But that was still a day before my wife's birthday. Whether it would end or not, we weren't sure, but we did manage, in the meantime, to make reservations at a winery about 90 minutes outside of Melbourne, which has a fancy hotel, pool, restaurant, spa, and the place we're staying, a series of five newly outfitted Airstream trailers that also have access to all of the above. We're not staying in all five of them; one is enough (just barely). (They're amazing but oh so small!)
So yeah, spoiler alert, the lockdown did end as only an additional few stray cases directly related to that localized outbreak came through over the remainder of the five days. (And there was probably also pressure to get fans back in the stands for the Australian Open.) My wife had said she wanted to be anywhere on her birthday other than the house where she'd been cooped up most of the past year, and thankfully, that did work out. Whew.
One of the things our fancy Airstream came stocked with was this:
Not for free, mind you, but holidays like this are meant for a little indulgence, and I decided it was worth the $20 to find out about it.
Now, I'm not part of the gin craze so I hadn't actually heard of this, nor did I realize it was even gin-based. But I do have a couple bottles of gin at home acquired as gifts and once to make a martini, so going through this gin a bit faster than we are (which is, not at all) had a benefit to me as well.
I didn't drink it our first night because we hadn't yet made ice. The tray was there but it was empty.
The second night, my wife's actual birthday, we were talking about it over her birthday dinner (steak and yummy vegetables) and she mentioned that Stanley Tucci had become a bit of a sensation (outside of the things that already make him a sensation) early in the pandemic with his viral video of how to make a Negroni. Now it was all circling back in my memory, though I'd never watched the video myself.
It was enough time later, back at the Airstream, that this conversation was no longer at the forefront of my mind. I chucked my Negroni in the freezer for 15 minutes (as the bottle recommends), plucked some ice out of the ice trays and poured. Then it was time to find my movie for the night.
I had decided on two criteria for my movie: Netflix (because you have to choose a streaming service, even if you are just randomly choosing) and horror (because I like watching horror movies when I'm in a camper or other semi-exposed sleeping arrangement). As it was 10:45 already, I imposed a third criterion that it had to be 90 minutes, or only a few minutes over.
The movie that met all three criteria was the exactly 90-minute The Silence, which I remembered hearing about a couple years ago when it first came out. I remembered it was supposed to be some kind of ripoff of Bird Box, and not very good. But who said a horror movie had to be very good in order to watch it?
As I started watching, I remembered that the movie it was supposed to be ripping off was not Bird Box, but A Quiet Place, as the premise is almost exactly the same. I actually liked some things about this better than A Quiet Place, though I suppose ultimately it's the lesser movie.
The next thing I noticed after I started watching?
It stars Stanley Tucci.
You could say something stuck in the back of my brain from our earlier conversation and my impending Negroni, but I don't really think that's true. After all, the movie had to meet three other criteria before whether Stanley Tucci was in it or not could even be a factor in my decision-making.
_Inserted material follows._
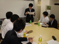 今年入社の社員と去年入社の社員との合同会議です。まずは、みんなの前で現状報告。さすがに1年先輩のみんなは、話し方が上手でした。

I ended up enjoying both my Negroni and my movie. As gin is one of only three alcohols in a Negroni -- the others being campari and sweet red vermouth -- the gin taste didn't dominate, and the drink overall had a sort of summery freshness to it. It actually being summer here, that was quite welcome.
And I was surprisingly involved in the movie. I guess it's kind of an addictive premise, even if A Quiet Place already did it a year earlier, but I'm sure A Quiet Place was not the first horror movie in which silence is the only way to prevent your imminent death. (In fact, hiding from serial killers involves silence, meaning the concept goes pretty much back to the beginnings of horror.) One thing I actually liked about it relative to A Quiet Place is that Tucci feels more like a regular guy going through this scenario, a square dad type, rather than man-of-action John Krasinski with his mountain man beard. I'm also a big Kiernan Shipka fan after her work in The Blackcoat's Daughter -- another movie I watched in a camper-type setting that scared me half to death -- and she did not disappoint. (The Silence did not scare me half to death, I should clarify, but the swooping bat-things that are destroying society were creepy and effectively designed, and had me looking over my shoulder at apparent noises, not to mention brushing moths away from my face with extra urgency and vigor.)
In fact the only thing that was a little bit disappointing about the experience was Tucci's Negroni video, which I watched after I finished the movie. I was first of all surprised to see it had only 89,000 and change views on YouTube, a lot less than I was expecting for an apparent phenomenon, though I guess most people watched it on a platform other than YouTube. And though I found the three-minute video charming enough, it isn't the kind of thing that I thought would make headlines, except that it was April of last year, and peering through the windows into celebrities' pandemic homes was very novel right at the start.
I may come back to the video, though, as I liked my Negroni enough to consider making it from scratch for myself in the future. And if they replenish the Negroni I consumed when they bring our eggs and bacon for tomorrow's breakfast, it's entirely possible there will be another one in my future tonight.